Pheochromocytoma, kontrol initial tekanan darah dapat diberikan Sodium
Nitroprusside atau IV phentolamine. Beta blockers bisa diberikan tapi tidak boleh
dipakai tunggal sampai alfa blokade tercapai. Hipertensi disebabkan clonidine
withdrawal penanganan terbaik adalah dengan dilanjutkan pemberian clonidine
disertai pemberian obat-obatan diatas. Benzodiazepine merupakan agen pertama
untuk penanganan intoksikasi cocaine (Hopkins, 2011).
Kidney failure. Acute Kidnet Injury (AKI) bisa merupakan penyebab maupun
akibat dari hipertensi emergensi. AKI termanifestasi dengan proteinuria, mikroskopik
hematuria, oliguria dan anuria. Penanganan yang optimal masih kontroversial.
Walaupun IV nitroprusside sering digunakan, namun dapat mengakibatkan keracunan
cyanida atau thiocyanate. Parenteral fenoldopam mesylate lebih menjanjikan hasil
yang baik dan lebih safety. Penggunaannya mampu mencegah terjadinya keracunan
cyanida atau thiocyanate (David et al., 2006).
Referensi
1. David LS, Sharon EF, Colgan R. 2006. Hypertensive Urgencies and
Emergencies. Prim Care Clin Office Pract. 33:613-23.

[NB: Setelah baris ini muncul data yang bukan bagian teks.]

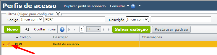 2) Encontre o perfil de acesso que deseja editar e abra sua edição através do ícone do lápis ou duplo clicando sobre o registro:
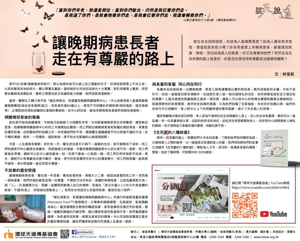 李先生:「那時候護士說,父親剩下的日子不多。幸好當時護士為父親轉介了院牧關心他,向他講解福音,讓一直頑固不肯信主的他,在人生最後的關頭,終於把生命交托給主。感謝主!知道父親可安然離世,以及將來會在天家與他相遇,令我和家人得到不少安慰。」
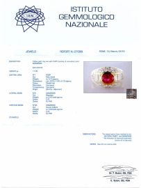realizzato a fascia bombata impreziosita da diamanti taglio brillante per ct 3.30 circa e taglio baguette per ct 2.40 circa, al centro un rubino di ct 3.10 circa, mis.21, g 11,40 circa. Corredato di certificato IGN del 13/03/2019 che ne attesta le caratteristiche e la provenienza geografica

2. Vaidya CK, Ouellette CK. 2007. Hypertensive Urgency and Emergency.
Hospital Physician. 43-50.
3. Fauci AS, Kasper DL, Longo DL, Braunwald E, Hauser SL, et al. 2008.
Harrison's Principles of Internal Medicine. Seventeenth Edition.
4. Varon J, Marik PE. 2013. Clinical Review: The Management of
Hypertensivecrises. Critical Care Journals.
5. Thomas L. 2011. Managing Hypertensive Emergency in the ED. Can
FamPhysician.57:1137-41.
6. Hopkins C. Hypertensive Emergencies in Emergency Medicine. 2011.